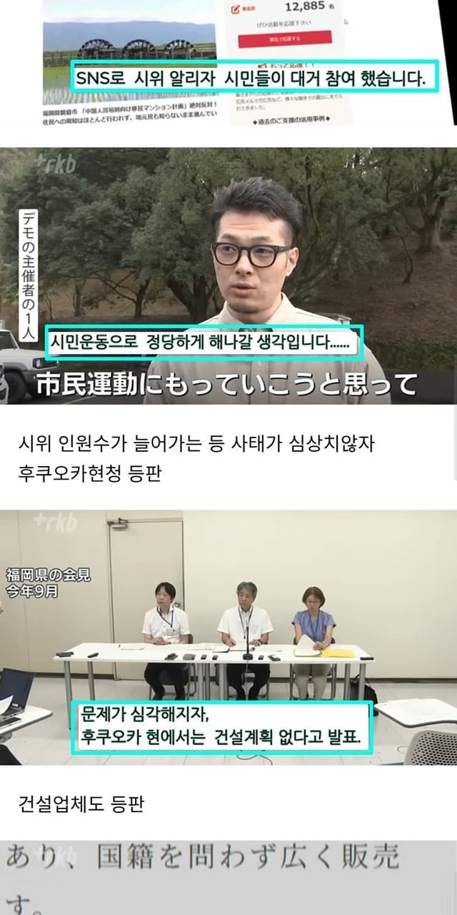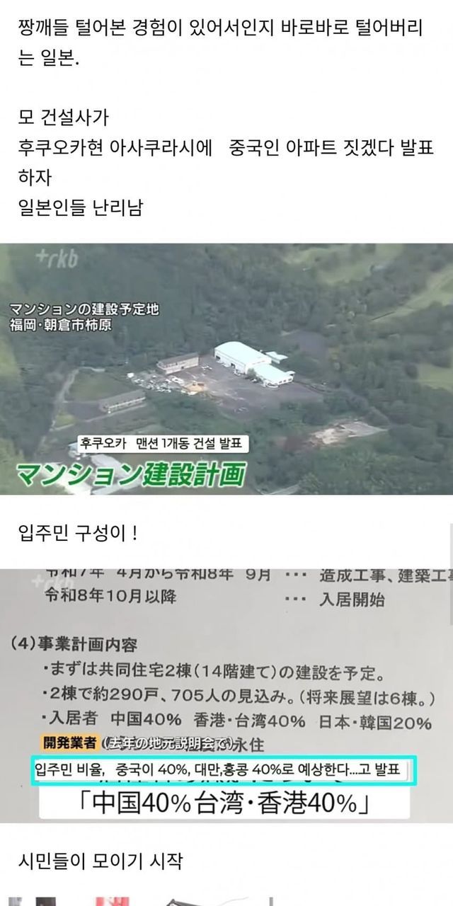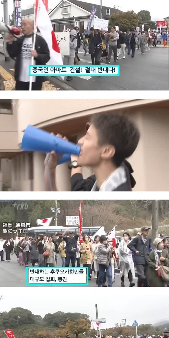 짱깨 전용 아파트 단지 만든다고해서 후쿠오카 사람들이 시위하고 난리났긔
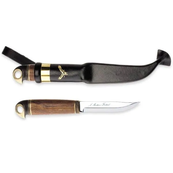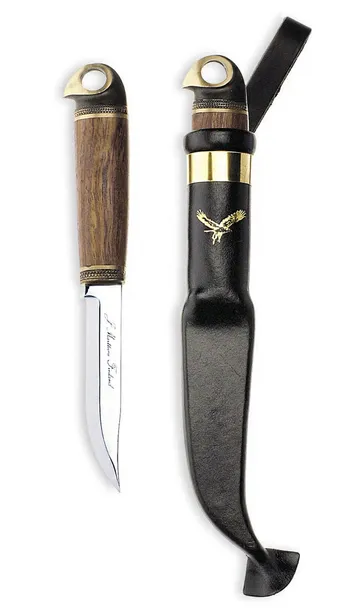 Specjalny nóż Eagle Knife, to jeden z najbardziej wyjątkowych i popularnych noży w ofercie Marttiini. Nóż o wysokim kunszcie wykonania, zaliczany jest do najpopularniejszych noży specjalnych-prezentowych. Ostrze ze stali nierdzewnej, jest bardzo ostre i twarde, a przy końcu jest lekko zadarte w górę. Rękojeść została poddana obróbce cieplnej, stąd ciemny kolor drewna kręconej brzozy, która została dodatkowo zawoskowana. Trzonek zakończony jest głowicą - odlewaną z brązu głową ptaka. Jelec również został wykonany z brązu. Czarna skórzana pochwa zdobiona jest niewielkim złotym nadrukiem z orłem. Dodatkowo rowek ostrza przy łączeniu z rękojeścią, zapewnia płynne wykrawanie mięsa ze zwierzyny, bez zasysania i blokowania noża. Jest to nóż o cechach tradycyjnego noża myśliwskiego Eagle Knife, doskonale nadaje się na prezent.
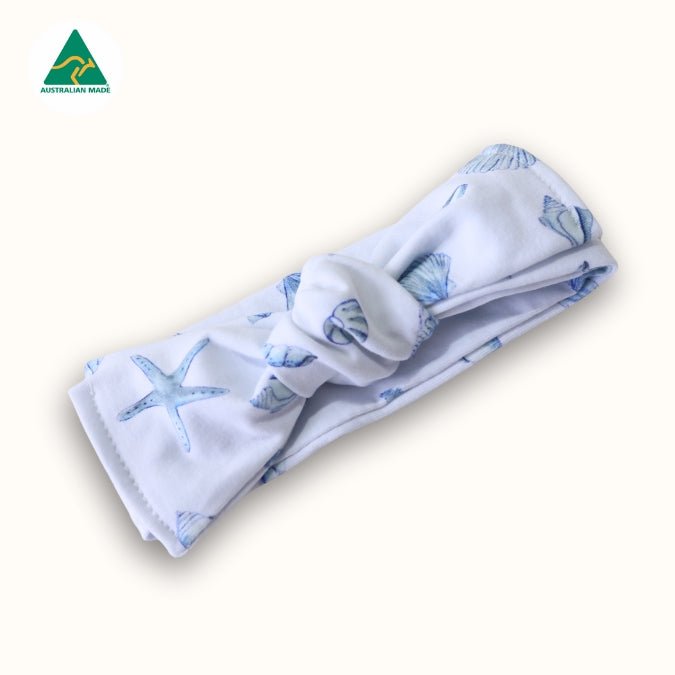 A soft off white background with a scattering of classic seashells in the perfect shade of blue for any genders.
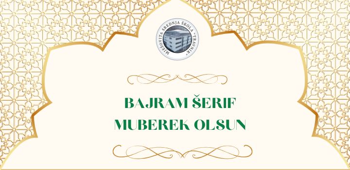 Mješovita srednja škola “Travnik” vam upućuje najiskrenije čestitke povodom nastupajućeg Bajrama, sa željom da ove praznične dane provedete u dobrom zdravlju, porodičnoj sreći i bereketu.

******

*TASK ITEM*: Restate the listing word for word, pictures excluded.

*EXERCISE RESULT*:
 짱깨 전용 아파트 단지 만든다고해서 후쿠오카 사람들이 시위하고 난리났긔
 Specjalny nóż Eagle Knife, to jeden z najbardziej wyjątkowych i popularnych noży w ofercie Marttiini. Nóż o wysokim kunszcie wykonania, zaliczany jest do najpopularniejszych noży specjalnych-prezentowych. Ostrze ze stali nierdzewnej, jest bardzo ostre i twarde, a przy końcu jest lekko zadarte w górę. Rękojeść została poddana obróbce cieplnej, stąd ciemny kolor drewna kręconej brzozy, która została dodatkowo zawoskowana. Trzonek zakończony jest głowicą - odlewaną z brązu głową ptaka. Jelec również został wykonany z brązu. Czarna skórzana pochwa zdobiona jest niewielkim złotym nadrukiem z orłem. Dodatkowo rowek ostrza przy łączeniu z rękojeścią, zapewnia płynne wykrawanie mięsa ze zwierzyny, bez zasysania i blokowania noża. Jest to nóż o cechach tradycyjnego noża myśliwskiego Eagle Knife, doskonale nadaje się na prezent.
 A soft off white background with a scattering of classic seashells in the perfect shade of blue for any genders.
 Mješovita srednja škola “Travnik” vam upućuje najiskrenije čestitke povodom nastupajućeg Bajrama, sa željom da ove praznične dane provedete u dobrom zdravlju, porodičnoj sreći i bereketu.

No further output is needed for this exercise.